Les demanderesses invoquent, à l’appui de leur pourvoi, deux moyens de cassation.
Le dossier a été communiqué au procureur général.
Sur le rapport de Mme Davoine, conseillère référendaire, les observations de la SCP Bauer-Violas, Feschotte-Desbois et Sebagh, avocat de Mme [Z] et de la société Les Roches du Quercy, de Me Balat, avocat de M. [B], de la SCP Rocheteau, Uzan-Sarano et Goulet, avocat de la société d’aménagement foncier et d’établissement rural Occitanie, après débats en l’audience publique du 17 juin 2025 où étaient présentes Mme Proust, conseillère doyenne faisant fonction de présidente, Mme Davoine, conseillère référendaire rapporteure, Mme Grandjean, conseillère faisant fonction de doyenne, et Mme Letourneur, greffière de chambre,
la troisième chambre civile de la Cour de cassation, composée des présidente et conseillères précitées, après en avoir délibéré conformément à la loi, a rendu le présent arrêt.
Faits et procédure
1. Selon l’arrêt attaqué (Agen, 2 mai 2024) et les productions, la société d’aménagement foncier et d’établissement rural Occitanie (la SAFER), après avoir reçu communication d’un projet de vente de parcelles par M. [S] à la société civile d’exploitation agricole Les Roches du Quercy (la SCEA), a notifié sa décision de préempter, le 12 juin 2020, au notaire instrumentaire puis, le 18 juin 2020, à la SCEA.
2. Le 26 août 2020, la SAFER a procédé à la publication d’un appel de candidatures par affichage en mairie d’un avis indiquant que les candidats avaient jusqu’au 12 septembre 2020 pour déposer leur candidature.

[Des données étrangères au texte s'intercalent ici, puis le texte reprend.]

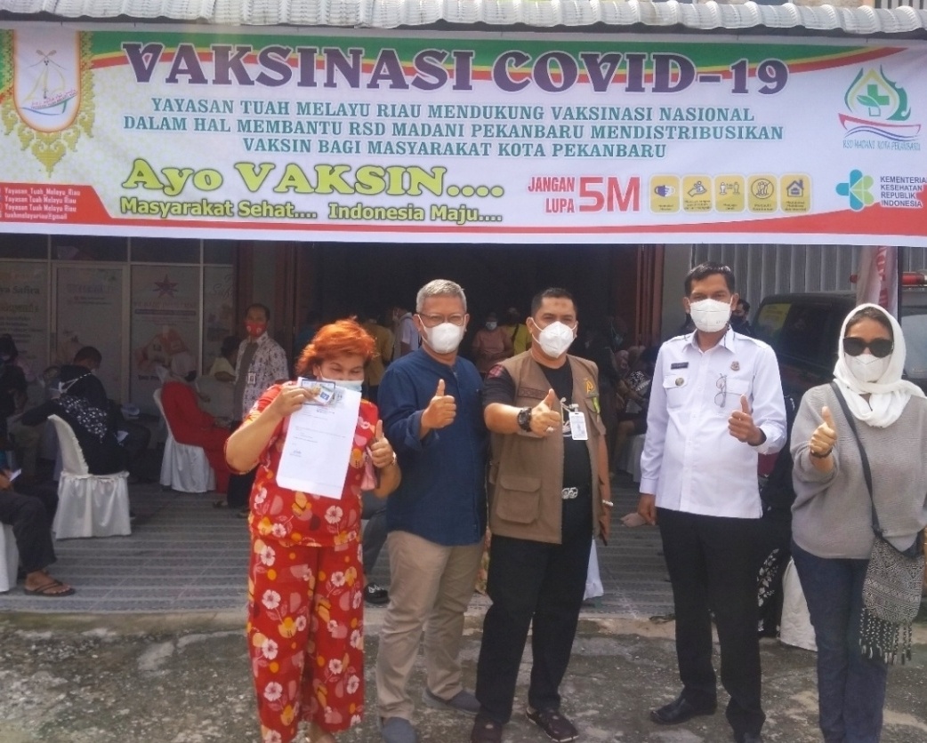 Sejauh ini, pihak Yayasan Tuah Melayu Riau bukan saja melaksanakan vaksinasi, tetapi kita juga telah menjalankan beberapa program sosial yakni memberikan ribuan paket sembako dan 5.000 (Lima Ribu) masker untuk masyarakat Riau khususnya di kota Pekanbaru,” ujar Donny S Putra
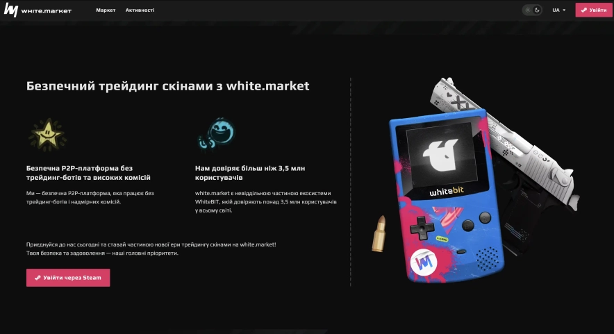 - White.Market – это P2P-платформа для торговли скинами CS:GO. Продавая здесь скины, пользователи могут менять свою криптовалюту на фиат. Безопасность торговли на платформе обеспечивается круглосуточным мониторингом. Кроме того, скины пользователей, разместивших их на платформе, не замораживаются, то есть юезр может использовать их вплоть до продажи покупателю. Кроме того, комиссии на white.market ниже рыночных, а процесс внесения депозита и вывода средств позволяет использовать как банковские карты, так и криптовалютные кошельки.

3. Mme [Z] a transmis son dossier de candidature, une première fois le 2 juillet 2020, puis une seconde fois le 1er septembre 2020.
4. Le 9 décembre 2020, la SCEA a assigné la SAFER en annulation de la décision de préemption.
5. Le 29 janvier 2021, la SAFER a informé la SCEA et Mme [Z] de la rétrocession des parcelles à M. [B].
6. Le 11 mai 2021, la SCEA et Mme [Z] ont assigné la SAFER et M. [B] en annulation de la décision de rétrocession et des ventes intervenues le 30 décembre 2020, et en indemnisation.
7. Les instances ont été jointes.
Examen des moyens
Sur le premier moyen, pris en ses quatrième et cinquième branches
8. En application de l’article 1014, alinéa 2, du code de procédure civile, il n’y a pas lieu de statuer par une décision spécialement motivée sur ces griefs qui ne sont manifestement pas de nature à entraîner la cassation.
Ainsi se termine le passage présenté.